** Opening Given entries block **

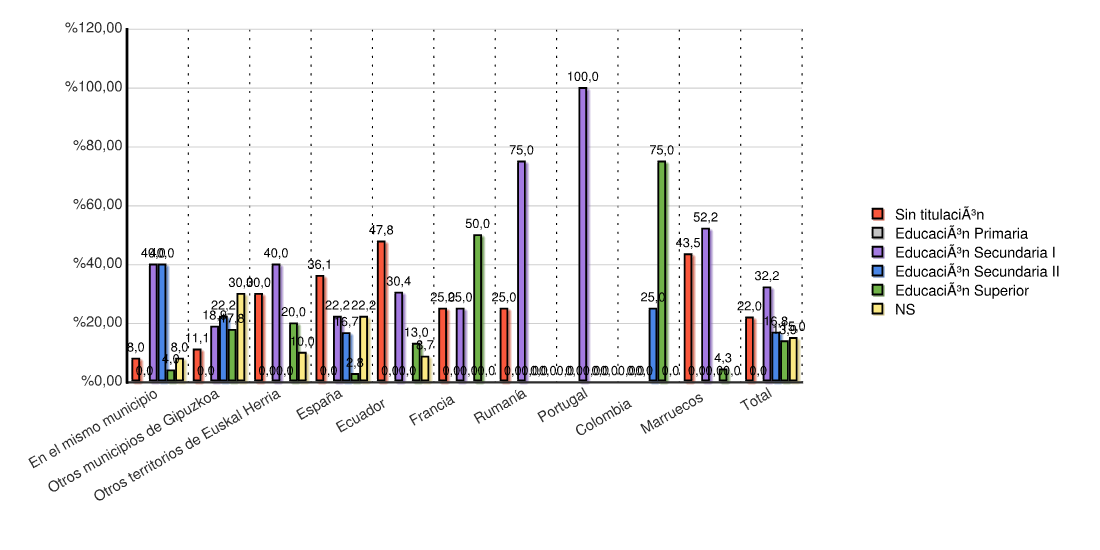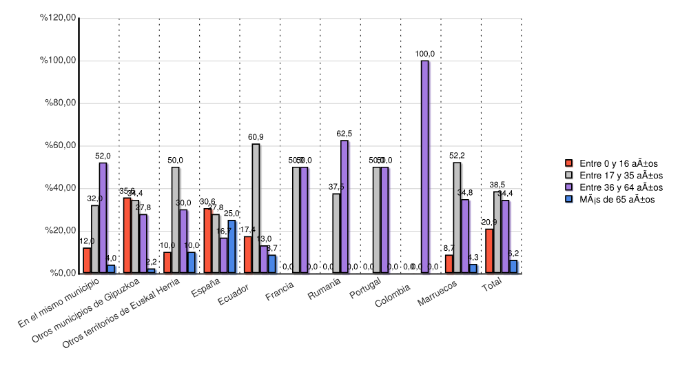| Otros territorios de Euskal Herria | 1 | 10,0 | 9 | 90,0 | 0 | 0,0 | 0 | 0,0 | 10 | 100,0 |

** Closing Given entries block **
** Opening Given entries block **

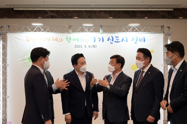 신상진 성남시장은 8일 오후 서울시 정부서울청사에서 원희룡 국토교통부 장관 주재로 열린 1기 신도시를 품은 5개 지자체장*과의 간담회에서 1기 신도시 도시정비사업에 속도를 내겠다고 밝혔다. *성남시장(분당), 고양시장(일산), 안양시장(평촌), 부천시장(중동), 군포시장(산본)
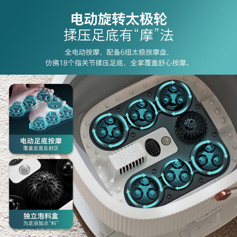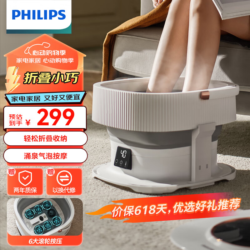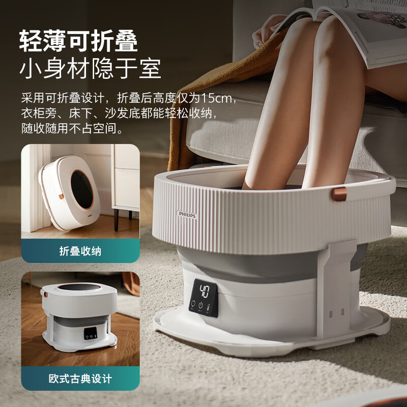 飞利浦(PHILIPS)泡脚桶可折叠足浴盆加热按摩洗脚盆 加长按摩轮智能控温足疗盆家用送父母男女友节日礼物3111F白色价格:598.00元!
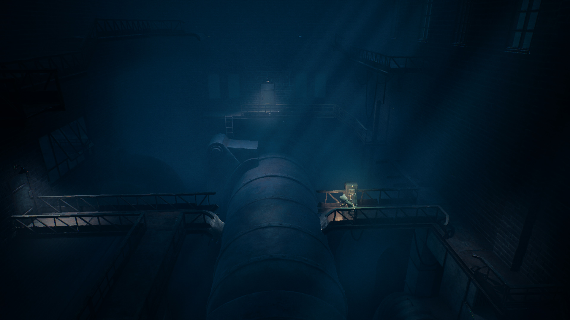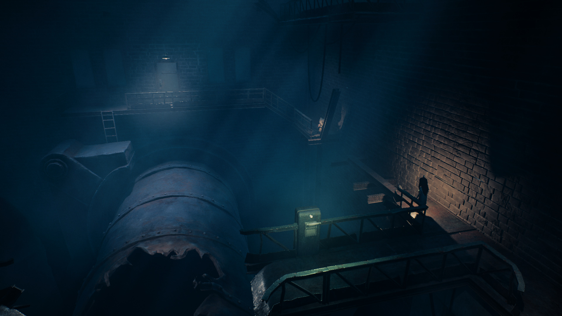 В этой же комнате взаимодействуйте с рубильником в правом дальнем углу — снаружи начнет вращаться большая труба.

** Closing Given entries block **
** Opening Given entries block **

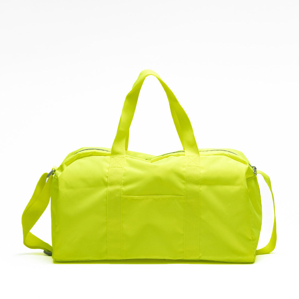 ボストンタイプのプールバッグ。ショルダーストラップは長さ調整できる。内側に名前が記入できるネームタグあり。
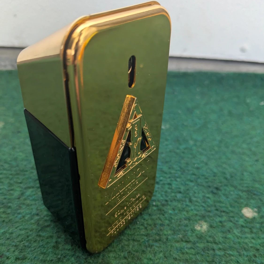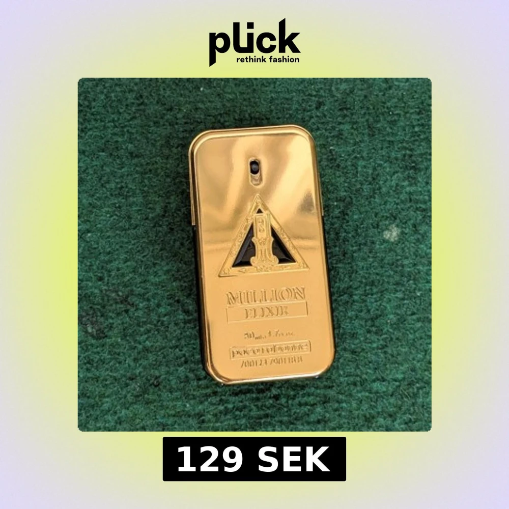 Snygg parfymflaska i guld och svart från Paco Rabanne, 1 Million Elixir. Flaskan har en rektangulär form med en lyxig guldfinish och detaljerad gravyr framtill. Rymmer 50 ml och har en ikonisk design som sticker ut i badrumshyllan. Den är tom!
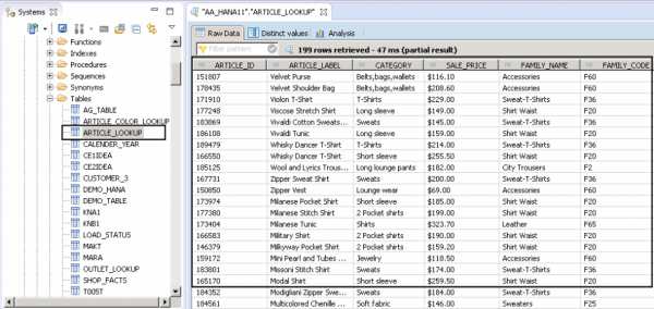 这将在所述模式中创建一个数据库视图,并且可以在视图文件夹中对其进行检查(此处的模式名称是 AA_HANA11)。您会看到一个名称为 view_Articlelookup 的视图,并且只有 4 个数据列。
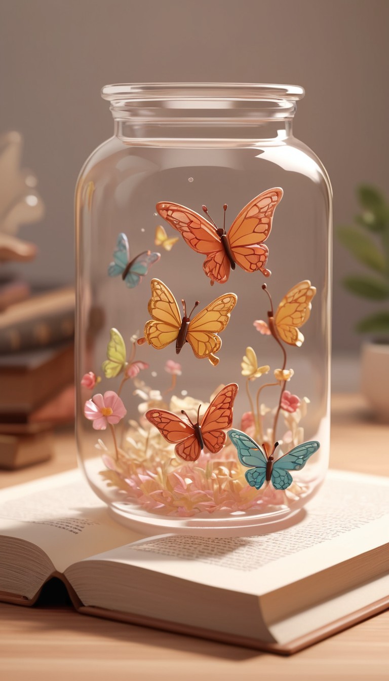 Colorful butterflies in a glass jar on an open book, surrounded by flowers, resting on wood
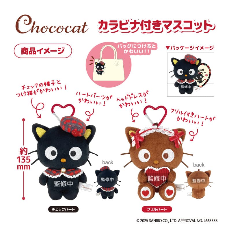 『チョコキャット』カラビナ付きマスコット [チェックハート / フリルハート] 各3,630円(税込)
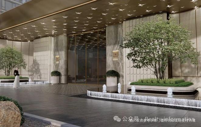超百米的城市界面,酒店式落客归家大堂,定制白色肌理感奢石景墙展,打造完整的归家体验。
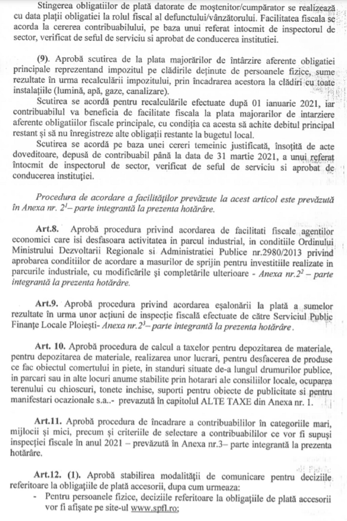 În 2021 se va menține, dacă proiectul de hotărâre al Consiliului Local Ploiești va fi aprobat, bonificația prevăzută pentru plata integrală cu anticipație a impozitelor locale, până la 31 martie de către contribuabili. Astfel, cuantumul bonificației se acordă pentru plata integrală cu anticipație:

** Closing Given entries block **

Although the records above contain pictures, the copy should not; retype exactly the lines from the one containing "[チェックハート / フリルハート] 各3,630円(税込)" through the one containing "超百米的城市界面,酒店式落客".

**Solved exercise:**
 『チョコキャット』カラビナ付きマスコット [チェックハート / フリルハート] 各3,630円(税込)
超百米的城市界面,酒店式落客归家大堂,定制白色肌理感奢石景墙展,打造完整的归家体验。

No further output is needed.